I Currently Perfrom A Complete Landscaping Service For A Hotel On The North Shore In Massachusetts, It Is My First Season With A Property Of This Size. They Are Putting The Plowing Out To Bid And They Have A Specific Criteria. 1. 2inch Trigger, 2. 3 To 1 Salt/sand, 3. Two Trucks And Atleast One Bobcat With A Snow Pusher, 4. 100 Inche Seasonal Bid Including All Loader Services. It Is Rather Diffictult In My Head With The Loader Fees Because We Could Either Make Out Big Pr Loose Our Shirt Depending On If We Have A Wild Or Mild Winter. Ive Heard Rumor Its About A 60,000 Dollar Seasonal Contract But Is It Worth It To Go Into A 1 Yr Contract At Your Farest Possible Rate Or Do It To Make A Living Because They Are Leaving Absolutley No Leway For Blizzard Conditions Or Anything Its One Flat Fee For The Hole Yr No Extras. There Are 2 Parcking Lots About 1000 Ft By 500ft And Aproximatley 3/4 Mile In An Access Road That Circles The Hotel That Would Also Need To Be Kept Up. Keep In Mind The Property Is Decentley Sloped. Am I In The Right Ball Park Price Wise???? HOW WOULD YOU PRICE EACH TRUCK AND A SKIDSTEER FOR A 100 INCH TOTAL? AND SANDING AS WELL??


----------



## SnowGuy73 (Apr 7, 2003)

Do you have all the equiptment you need or do you have to rent/ subcontract?


----------



## DESTEFANO3782 (Aug 8, 2005)

i have to 2500 dodge ram quadcab trucks and an s300 bobcat with a blizzard 810. i might need one sub so i can make sure i can stay on top of it while keeping my other little jobs up to par


----------



## earnies2 (Feb 20, 2003)

Lets start with some info? 
1, Are the lots open or chopped up with islands
2, Is their ample space to put the snow or does it need to be removed?
3, Are you responsible for Any walkways?
4, What are their requirements for insurance?
5, are they open all night (if yes are they busy)?
6, Do you have your own sand and salt?
7, Is the property lit up at night?
8, And last but not least why are they putting it out to bid?(maby they didn't pay the last contractor and he quit...maby he bid it wrong and lost his a$$...Bidding by the year isn't the best thing If we get buried you loose If it doesn't snow they think you owe them a refund? i always bid my contracts by the storm up to 6" than by the inch after that it snows they pay it doesn't snow they don't pay remenber we average 44" inches of snow each year the last 3 have been great!!!!!

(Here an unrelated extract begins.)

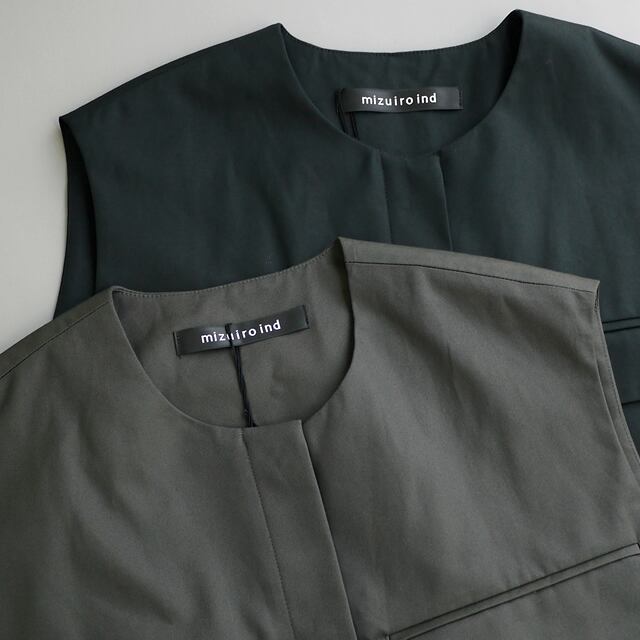 mizuiro ind(ミズイロインド) ポケット付きクルーネックロングジレ[3-250060]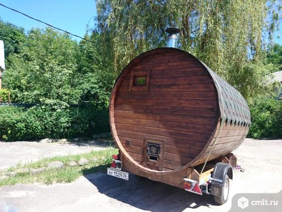 Сдаю баню'-бочку на прицепе в аренду. 2000 в сутки. Бани есть разные, от 4 до 8 человек. Баня дровяная. Вы сами на фаркопе забираете баню, потом возвращаете. Категория В. Есть свет.

By the way I just bought a 8611 low pro and i was told it will be delivered in mid October i cant weight


----------



## DESTEFANO3782 (Aug 8, 2005)

Its All Open Parkin Lots With Only A Few Islands
Its A Hotel So Its Open All Night And People Are In And Out
The Land Is Not Flat So Will Need To Be Salted Probly Everytime We Have Alittle Met During The Day
It Is Lit And Plenty Of Room For Snow Stacking
I Do Have All My Own Equipment Aswell As Salt/sand Mix
ITS UP FOR BID BECAUSE ITS A NEW OWNER AND THEY USED TO HAVE THERE OWN MAINTENANCE ON STAFF FULL TIME BUT THE EQUIPMENT JUST CANT STAY UP WITH OUR NEW ENGLAND STORMS LATELY


----------